Ellen la miró sin comprender, y Chloe resopló burlona.

–¡Por favor, mamá!, no esperes que sepa quién es Max Vasilikos –exclamó–. Es un tipo asquerosamente rico con un montón de propiedades en medio mundo. Acaba de romper con Tyla Brentley. De ella por lo menos sí que habrás oído hablar, ¿no?

Sí que sabía quién era Tyla Brentley. Era una actriz inglesa que había alcanzado la fama en Hollywood con una película romántica que había sido un éxito de taquilla. Sus alumnas la idolatraban.

Pero ese Max Vasilikos… Aparte de la lógica deducción de que con ese apellido debía de ser de origen griego, no sabía nada de él. Sin embargo, un escalofrío le recorrió la espalda de solo pensar que un tipo así pudiera llegar a hacerse con Haughton, con su hogar. Lo único que haría sería vender la propiedad por un precio exorbitante a un oligarca ruso o a un jeque árabe que solo pasarían allí una o dos semanas al año, a lo sumo. Y sin ser amado, sin nadie que lo habitara… Haughton languidecería.

–Quiere venir a ver la propiedad en persona –dijo Pauline–, y le he invitado a almorzar hoy con nosotras.

Ellen se quedó mirándola.

–¿Y sabe que tenemos la casa en copropiedad, y que yo no estoy dispuesta a vender mi parte? –le preguntó, yendo directa al grano.

Pauline obvió ese desagradable detalle con un ademán.

–Lo que yo sí sé, Ellen –le dijo mordaz–, es que seremos muy, muy afortunadas si se decide a comprar la propiedad. Y no quiero que lo estropees. De hecho, confío en que, ya que yo no puedo convencerte, el señor Vasilikos sí logre hacerte entrar en razón.

Chloe soltó una risa ahogada.

–¡Mamá, por Dios! ¡No puedes hacerle algo tan cruel a ese pobre hombre! ¡Pretender que intente razonar con Ellen…! –se mofó.

–Ella también tiene que estar presente –insistió su madre–. Y mostraremos un frente unido.

A Ellen aquello le apetecía tan poco como que le sacaran una muela, pero al menos tendría la oportunidad de dejarle bien claro a ese Max Vasilikos que no estaba dispuesta a vender su hogar, se dijo levantándose.

Tenía que darse una ducha, pero como el ejercicio le había abierto el apetito decidió que pasaría antes por la cocina para picar algo.
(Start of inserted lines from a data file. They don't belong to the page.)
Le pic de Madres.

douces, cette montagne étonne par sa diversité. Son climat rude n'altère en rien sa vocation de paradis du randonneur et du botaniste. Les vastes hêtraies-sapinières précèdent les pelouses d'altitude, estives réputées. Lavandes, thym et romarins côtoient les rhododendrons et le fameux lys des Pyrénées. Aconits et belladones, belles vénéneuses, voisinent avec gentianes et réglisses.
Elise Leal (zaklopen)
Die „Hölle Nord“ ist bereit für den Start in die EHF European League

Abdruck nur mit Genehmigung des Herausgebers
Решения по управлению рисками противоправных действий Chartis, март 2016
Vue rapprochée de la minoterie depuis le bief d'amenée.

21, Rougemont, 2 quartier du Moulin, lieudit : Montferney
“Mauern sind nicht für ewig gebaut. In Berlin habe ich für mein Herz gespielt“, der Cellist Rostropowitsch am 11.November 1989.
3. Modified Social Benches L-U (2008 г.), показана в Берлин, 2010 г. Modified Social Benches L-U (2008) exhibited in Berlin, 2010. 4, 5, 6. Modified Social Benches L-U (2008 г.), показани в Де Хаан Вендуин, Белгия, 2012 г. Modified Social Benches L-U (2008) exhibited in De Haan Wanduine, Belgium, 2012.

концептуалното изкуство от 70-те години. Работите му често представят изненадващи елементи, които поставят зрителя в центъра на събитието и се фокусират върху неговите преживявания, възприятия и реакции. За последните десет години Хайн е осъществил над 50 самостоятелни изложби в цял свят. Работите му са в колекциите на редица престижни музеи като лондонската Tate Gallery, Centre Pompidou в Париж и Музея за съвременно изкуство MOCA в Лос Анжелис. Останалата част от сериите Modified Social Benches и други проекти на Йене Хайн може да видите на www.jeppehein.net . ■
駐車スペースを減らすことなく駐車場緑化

Se había convertido en su lugar favorito de la casa porque Pauline y Chloe, a quienes no les gustaba ensuciarse cocinando, raramente entraban allí.

De hecho, ahora dormía en una de las habitaciones en esa parte de la casa, la que daba al patio de atrás, había acondicionado la habitación contigua para usarla como salita, y apenas pisaba la parte frontal para evitar a su madrastra y a su hermanastra.

Sin embargo, en ese momento, mientras se dirigía por el pasillo a la puerta verde que conducía a lo que antaño habían sido las dependencias del servicio, sintió que se le encogía el corazón al mirar la imponente escalera, la oscura madera que recubría las paredes, las antiguas baldosas de piedra bajo sus pies…

¡Cómo amaba aquella casa…! Sentía por ella una fuerte y profunda devoción, y jamás renunciaría a ella voluntariamente. ¡Jamás!

 

 

Cuando vio surgir altos setos a ambos lados de la sinuosa carretera comarcal, Max Vasilikos supo que estaba llegando a su destino, y aminoró la velocidad. Era un día a principios de primavera, y el sol brillaba sobre la campiña del condado de Hampshire. Estaba ansioso por llegar, por ver si la propiedad que lo había cautivado por las fotos que le había mostrado su agente estaría a la altura de sus expectativas. Y no solo como inversión. Todo el conjunto –los jardines y el terreno boscoso circundante, la cálida piedra caliza, las armoniosas proporciones y el diseño de la casa– se le antojaba tan… hogareño. Sí, esa era la palabra.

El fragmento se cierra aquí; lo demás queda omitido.